50 Years Ago: Morality and Property

Under a system of chattel-slavery sheer physical force was almost the sole means of holding the slaves in subjection. It was not necessary for a community of interests between master and slave to be hypocritically assumed and inculcated. What the slaves thought was of little or no consequence to their owners: morality was considered no concern of slaves; it was held to be an attribute of and an obligation upon “free-men” alone.
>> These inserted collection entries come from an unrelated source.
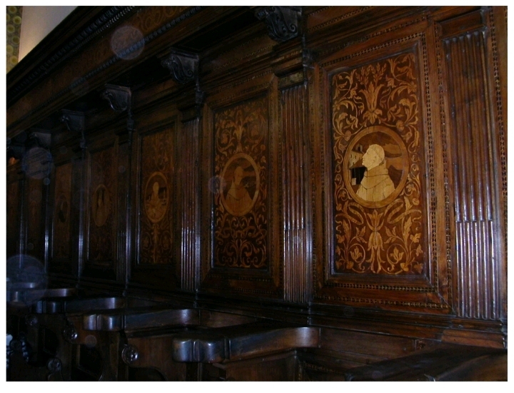 △ 라베르나 오상 경당의 가대 벽에 목각으로 새겨져 있는 형제들의 초상화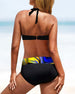 SPECIFICATIONS Style: Vacation, Sexy Material: Spandex, Polyester Occasion: Vacation Neckline: Halter Pattern Type: Color Block Sleeve Length: Sleeveless Top Type: Bikini Bra Type: Push Up Bottom Type: High Cut Fit Type: Regular Season: Summer Package Includes: 1 x Bikini SIZE TABLE Size Bust Waist Hip CM INCH CM INCH CM INCH S 72-8...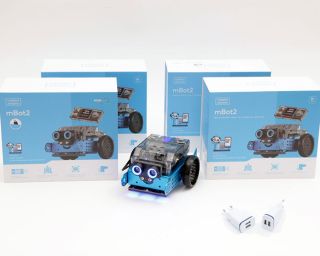 Pack 4 mBot2 en kit à monter, avec valise de rangement et chargeurs USB. Idéal pour une utilisation en classe entière avec rangement simplifié. Le robot programmable mBot2 est conçu pour l'apprentissage progressif de la programmation et de la robotique en élémentaire, collège et lycée.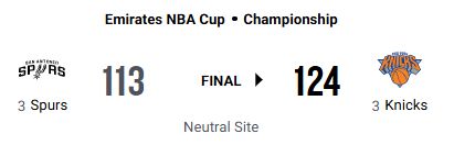 ニューヨーク・ニックスがサンアントニオ・スパーズに124-113で勝ち、NBAカップを制した。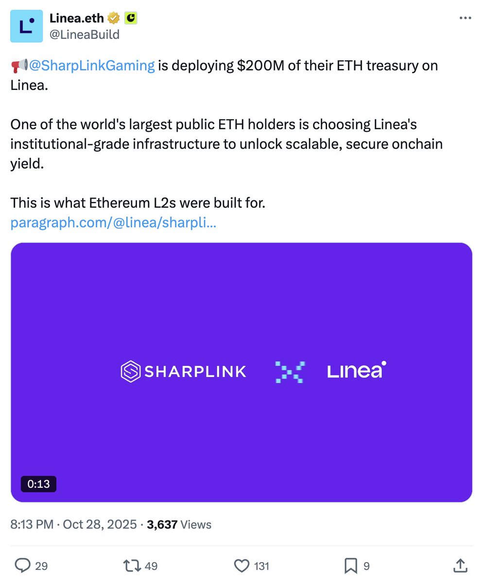 如果生态持续扩展 + L2 资金回流,Linea 有望成为“机构首选 zkLayer2”。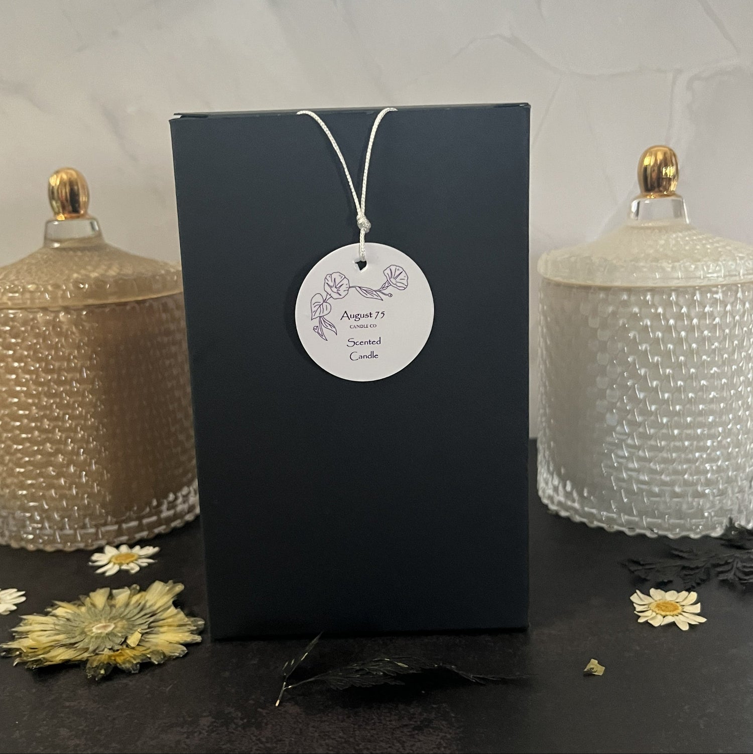 Our candles are elegantly packaged in custom black boxes, designed to protect the vessel and add a touch of sophistication for the recipient.
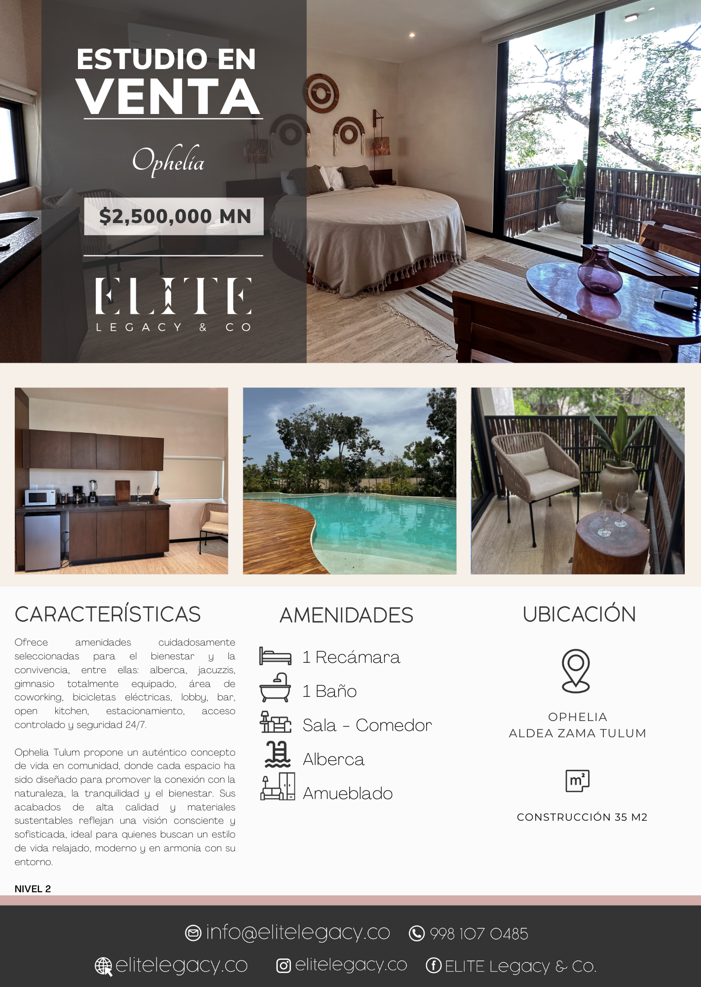 Ophelia Tulum es un exclusivo desarrollo residencial ubicado en Aldea Zama, conformado por 63 departamentos en el edificio norte y 102 estudios en el área sur, distribuidos en tres niveles que se integran de manera armónica con el entorno natural.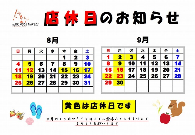 ヘアーモードメーカーズヤマシタの【8月の店休日のお知らせ】です。 2024-07-31 最終更新日時 : 2024-07-31 staff 毎日暑い日が続きますが、これからお盆に向け外での作業も増えるかと思いますが、熱中症には気を付けてお過ごしください。15日から5日間お盆休みとなりますのでよろしくお願いします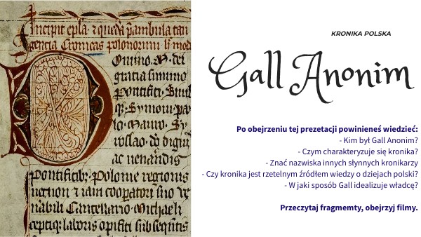 Po obejrzeniu tej prezetacji powinieneś wiedzieć: - Kim był Gall Anonim? - Czym charakteryzuje się kronika? - Znać nazwiska innych słynnych kronikarzy - Czy kronika jest rzetelnym źródłem wiedzy o dziejach polski? - W jaki sposób Gall idealizuje władcę? Przeczytaj fragmemty, obejrzyj filmy.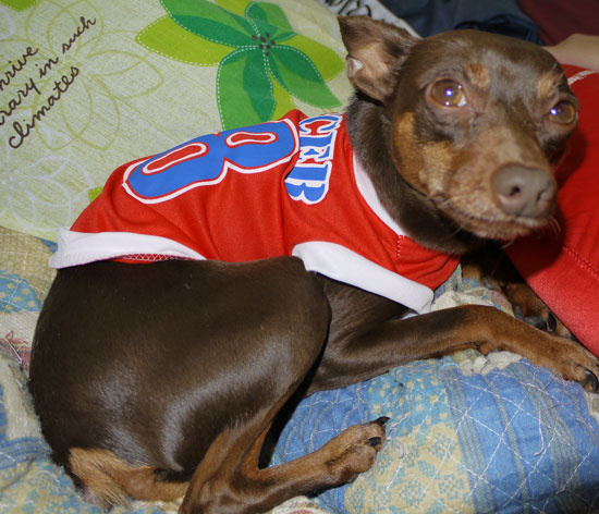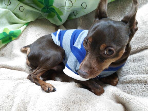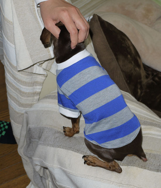 お利口に着替えたのだ。だから、構ってくれ。わ~~い。抱っこだ。いぬのしあわせ プッチーヌ 超小型犬専用 ドライ 成犬用 ビーフ練り込み粒入り / いぬのしあわ...価格:460円(税込、送料別)人気blogランキングへ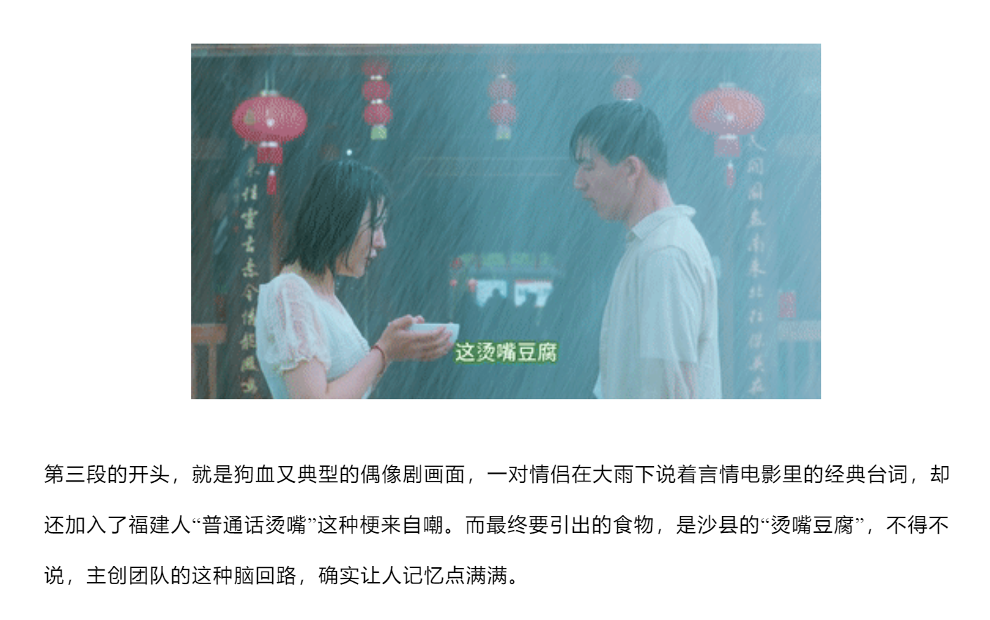 据微信号“清新福建 文旅之声”2022年5月17日发布的一条信息显示,当年5月16日,福建省文旅厅推出的首条沙县小吃文旅创意广告片《来福建,享福味》一夜时间迅速蹿红网络。该条视频时长3分39秒,用高校、偶像剧、王家卫等风格,分四个篇幅呈现了福建各地的美味佳肴。而梅州文旅被指抄袭的视频来自该条视频中的第三段,主要内容类似狗血偶像剧风格。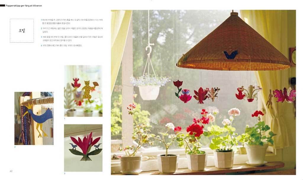 평면 종이 작품을 창가에 붙이면 색다른 인테리어 장식으로 전혀 손색이 없습니다. 입체 종이 작품은 테이블과 책장에 어울리며 모빌로 만들어 천장을 화려하게 만들 수도 있습니다.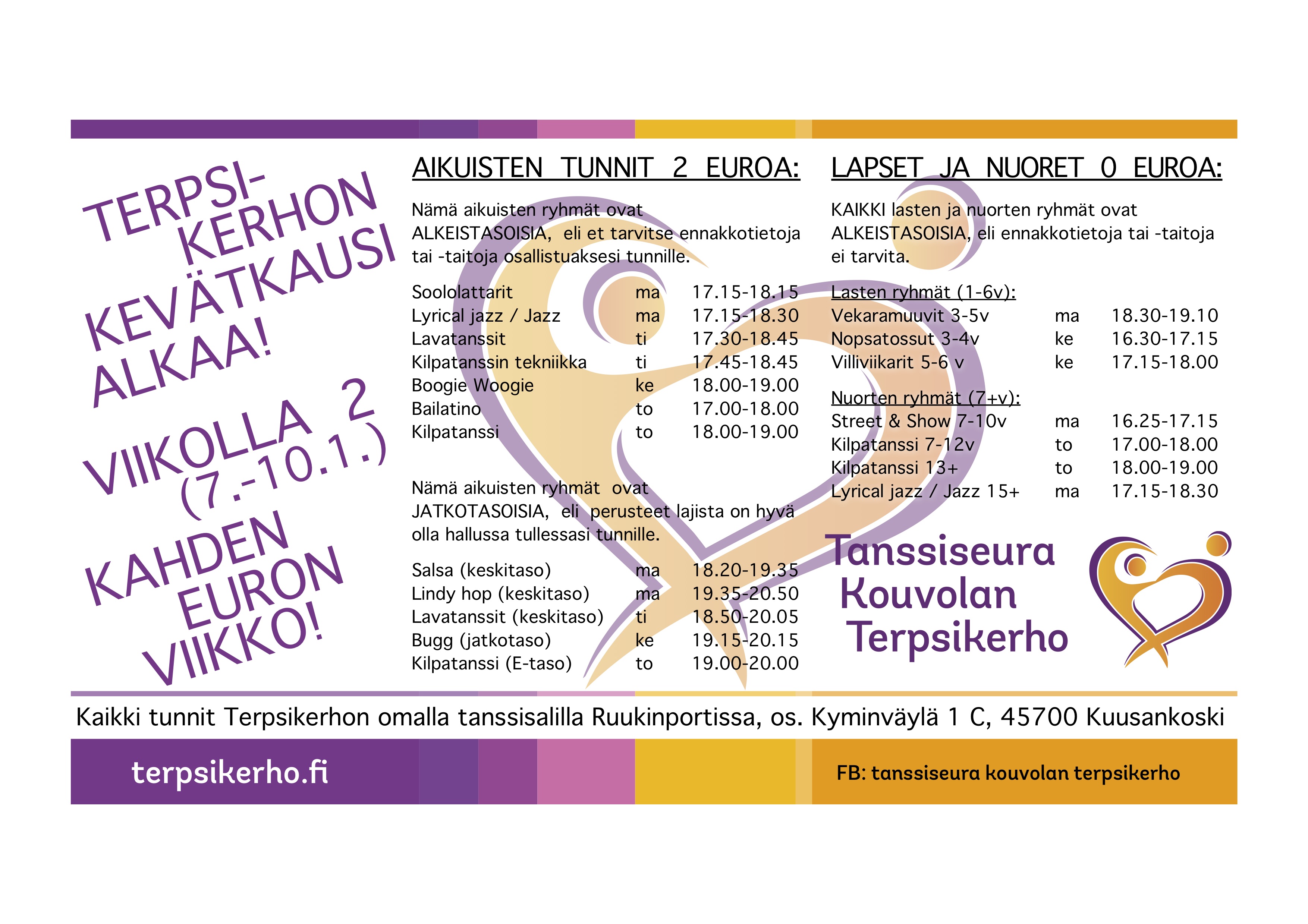 Kevätkausi starttaa maanantaina 7.1. KAHDEN EURON VIIKOLLA!

On the contrary with serfdom, the greater cohesion manifested by the workers made it very necessary to use mental as well as physical means to secure their complete subjection. A pseudo-moral code was required for the workers in order to guide their activities along lines consistent with the welfare of their exploiters. But a serf who was compelled to part with both labour and produce to a non-productive lord could never he taught to believe that he was not exploited, that he was a free man. as it has been possible to teach the wage-worker of today.

The awkward problem was ingeniously solved by the Catholic clergy, the intellectual and moral guardians of feudalism. They zealously inculcated into the peasantry the idea that the categories, king, lord, and serf were of divine ordinance and unalterable. and further, that the present life with its poverty and riches, is only a preparation for the coming “kingdom of God”, where those who had been meek and humble while toiling and suffering “here below”, would dwell in happiness “amongst the best”.

From the Socialist Standard, January 1918.